As flu viruses evolve and diversify in birds, genetic changes can alter their infectivity, virulence or ability to spread among humans, notes Guan. Human infections also provide viruses with opportunities to better adapt to their hosts.

The H7N9 has seen mutations that allow the virus to spread from birds to humans more easily than avian H5N1 flu, which has infected 784 people in 16 countries and killed 429 of them since it appeared in 2003.

While Guan’s team reported no further significant mutations in H7N9, the threat from H7N9 is unlikely to go away any time soon.

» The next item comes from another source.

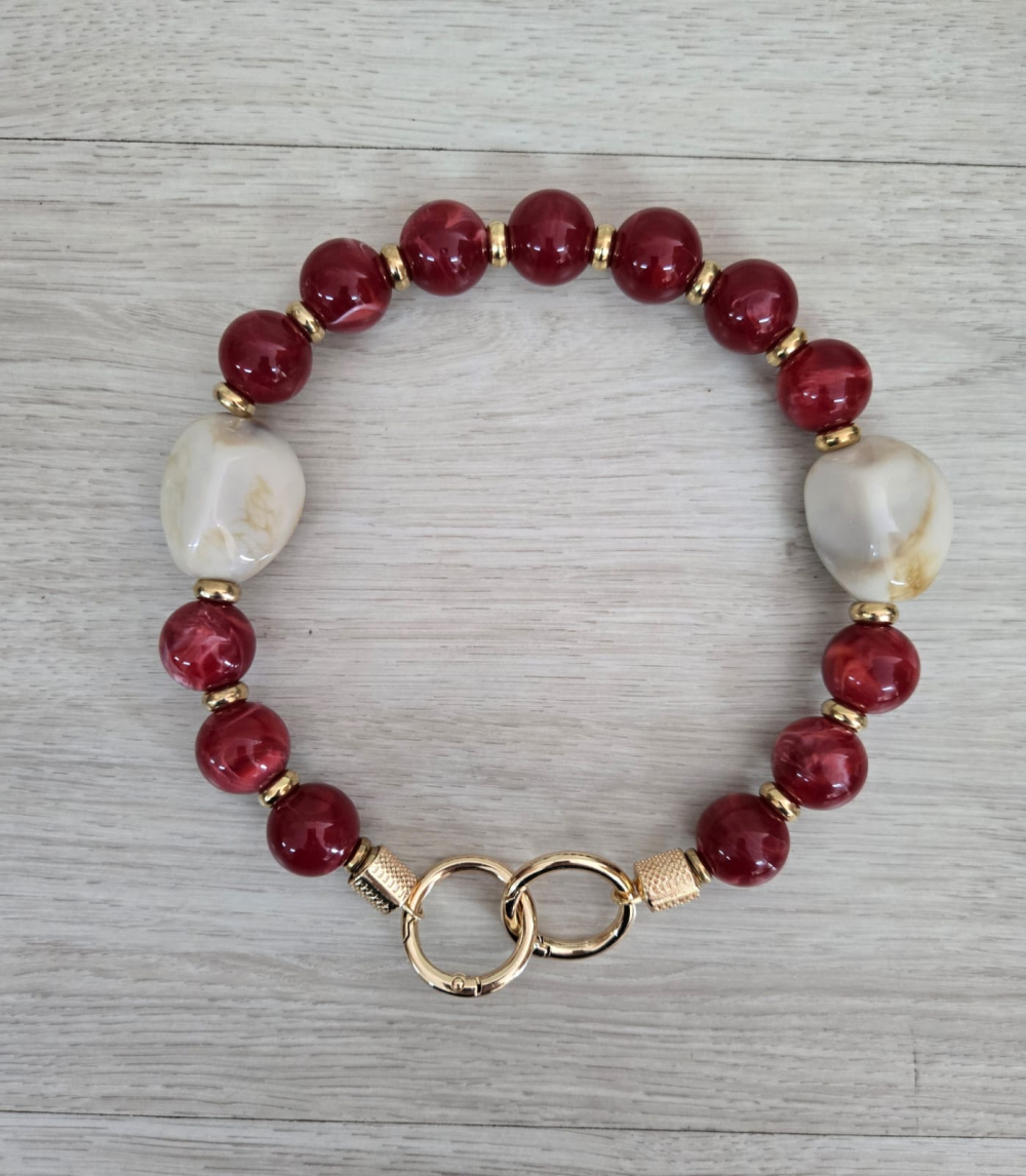 Alça de Bola de Resina - Vinho com bege mesclado 44 cm

The researchers point out that the frequency at which the virus is mutating increases the risk that the virus will acquire a dangerous mutation — potentially, one that could make it spread easier among humans.

The H7N9 bird flu virus emerged in humans in March 2013 and has since then infected at least 571 people in China, Taipei, Hong Kong, Malaysia and Canada, killing 212 of them, according to February data from the World Health Organization (WHO).

After an initial flare up of human cases at the start of 2013, the H7N9 appeared to die down — aided in large part by Chinese authorities deciding to close live poultry markets and issue health warnings about direct contact with chickens.

But infections in people increased again last year and in early 2015, prompting researchers to try to understand more about how the virus re-emerged, how it might develop, and how it might threaten public health.

As chickens exhibit no outward signs of being infected by the H7N9 virus, it is difficult to monitor and control poultry populations in large nationalized farms.

While humans can pick the infections from birds, the real danger comes with the virus accomplishing human-to-human transmission.

The H7 influenza subtype is one of a few influenza subtypes — there are around 18 discovered so far in all — that are known to infect mammals, making it a likely candidate for human-to-human transmission, but at this point transmission between people has been reported in only limited cases.

The reinventing of influenza viruses by constantly recombining in various genetic exchanges of eight RNA segments has raised alarm, with the World Health Organization warning recently of possible pandemics worse than the swine flu outbreak of 2009.

The health agency is particularly concerned about avian influenza, noting that the diversity and geographical distribution of influenza viruses currently circulating in wild and domestic birds are unprecedented. Over the past two years, H5N1 has been joined by newly detected H5N2, H5N3, H5N6 and H5N8 strains, all of which are currently circulating in different parts of the world.